What is being asked:
Your answer should consist only of the lines below from the one with "Угловой элемент 1.52.293" through the one with "When Rey walks", copied exactly.

Exercise inputs:
= = = = =

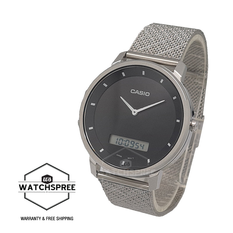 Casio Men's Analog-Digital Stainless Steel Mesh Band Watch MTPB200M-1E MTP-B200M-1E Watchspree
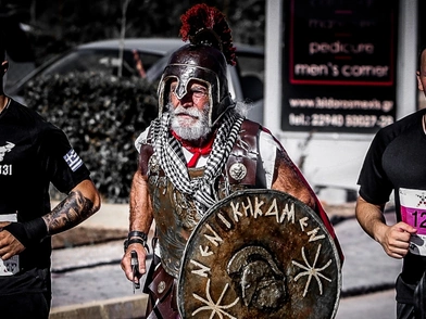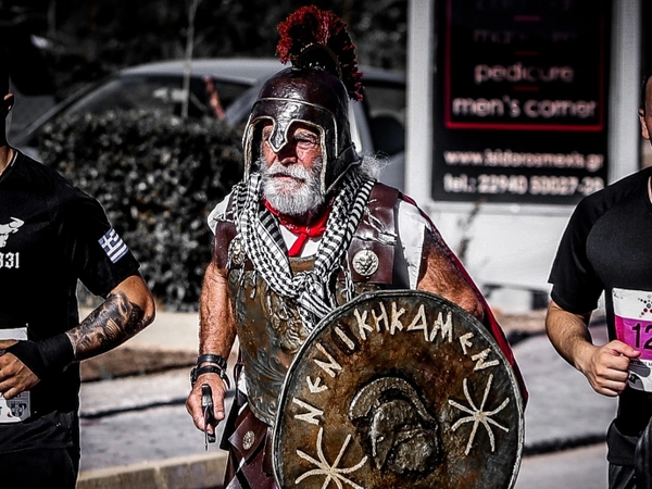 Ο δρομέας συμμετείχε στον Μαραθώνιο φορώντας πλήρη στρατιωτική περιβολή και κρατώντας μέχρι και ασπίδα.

= = = = =

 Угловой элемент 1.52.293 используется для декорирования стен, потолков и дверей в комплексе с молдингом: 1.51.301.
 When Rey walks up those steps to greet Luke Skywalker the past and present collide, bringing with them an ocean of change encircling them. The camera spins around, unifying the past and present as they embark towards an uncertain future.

= = = = =

Written response:
 Угловой элемент 1.52.293 используется для декорирования стен, потолков и дверей в комплексе с молдингом: 1.51.301.
 When Rey walks up those steps to greet Luke Skywalker the past and present collide, bringing with them an ocean of change encircling them. The camera spins around, unifying the past and present as they embark towards an uncertain future.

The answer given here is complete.